= Task brief =
Output the lines from the top of the entries below to the line with "small, furry, serenity", both included, exactly and without pictures.

Study material START

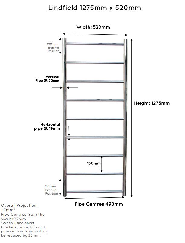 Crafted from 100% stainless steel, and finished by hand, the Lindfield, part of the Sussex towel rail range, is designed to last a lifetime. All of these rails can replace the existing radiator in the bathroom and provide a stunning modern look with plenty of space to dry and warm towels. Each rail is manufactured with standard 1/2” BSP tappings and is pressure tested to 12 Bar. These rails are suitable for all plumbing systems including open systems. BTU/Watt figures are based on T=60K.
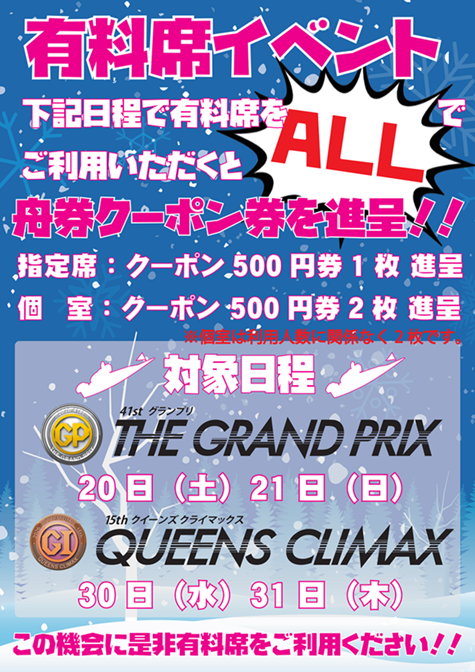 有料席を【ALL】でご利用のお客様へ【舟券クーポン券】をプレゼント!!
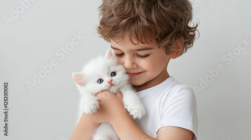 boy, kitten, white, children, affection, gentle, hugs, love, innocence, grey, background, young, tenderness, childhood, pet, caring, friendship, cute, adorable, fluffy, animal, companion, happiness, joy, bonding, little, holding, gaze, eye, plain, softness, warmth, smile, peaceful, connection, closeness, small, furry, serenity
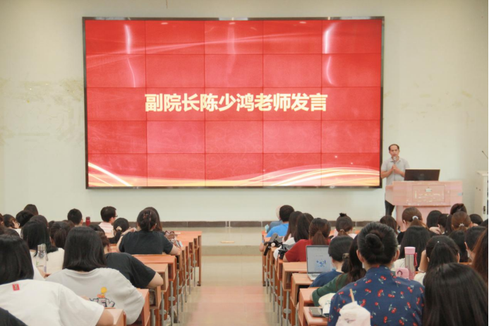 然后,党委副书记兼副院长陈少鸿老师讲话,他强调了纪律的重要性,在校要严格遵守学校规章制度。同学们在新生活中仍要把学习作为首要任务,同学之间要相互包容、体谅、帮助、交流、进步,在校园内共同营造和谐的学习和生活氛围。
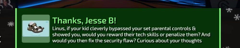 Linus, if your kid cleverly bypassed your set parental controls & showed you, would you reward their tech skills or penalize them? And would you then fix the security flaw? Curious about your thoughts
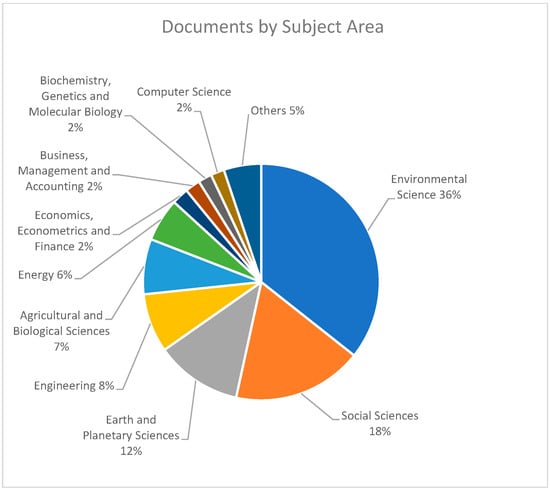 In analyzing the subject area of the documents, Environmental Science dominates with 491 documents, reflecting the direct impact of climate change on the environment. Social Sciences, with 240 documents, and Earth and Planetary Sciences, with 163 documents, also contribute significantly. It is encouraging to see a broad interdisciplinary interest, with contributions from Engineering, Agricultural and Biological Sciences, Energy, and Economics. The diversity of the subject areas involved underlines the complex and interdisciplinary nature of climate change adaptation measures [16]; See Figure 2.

Study material END

= Expected answer =
 Crafted from 100% stainless steel, and finished by hand, the Lindfield, part of the Sussex towel rail range, is designed to last a lifetime. All of these rails can replace the existing radiator in the bathroom and provide a stunning modern look with plenty of space to dry and warm towels. Each rail is manufactured with standard 1/2” BSP tappings and is pressure tested to 12 Bar. These rails are suitable for all plumbing systems including open systems. BTU/Watt figures are based on T=60K.
 有料席を【ALL】でご利用のお客様へ【舟券クーポン券】をプレゼント!!
 boy, kitten, white, children, affection, gentle, hugs, love, innocence, grey, background, young, tenderness, childhood, pet, caring, friendship, cute, adorable, fluffy, animal, companion, happiness, joy, bonding, little, holding, gaze, eye, plain, softness, warmth, smile, peaceful, connection, closeness, small, furry, serenity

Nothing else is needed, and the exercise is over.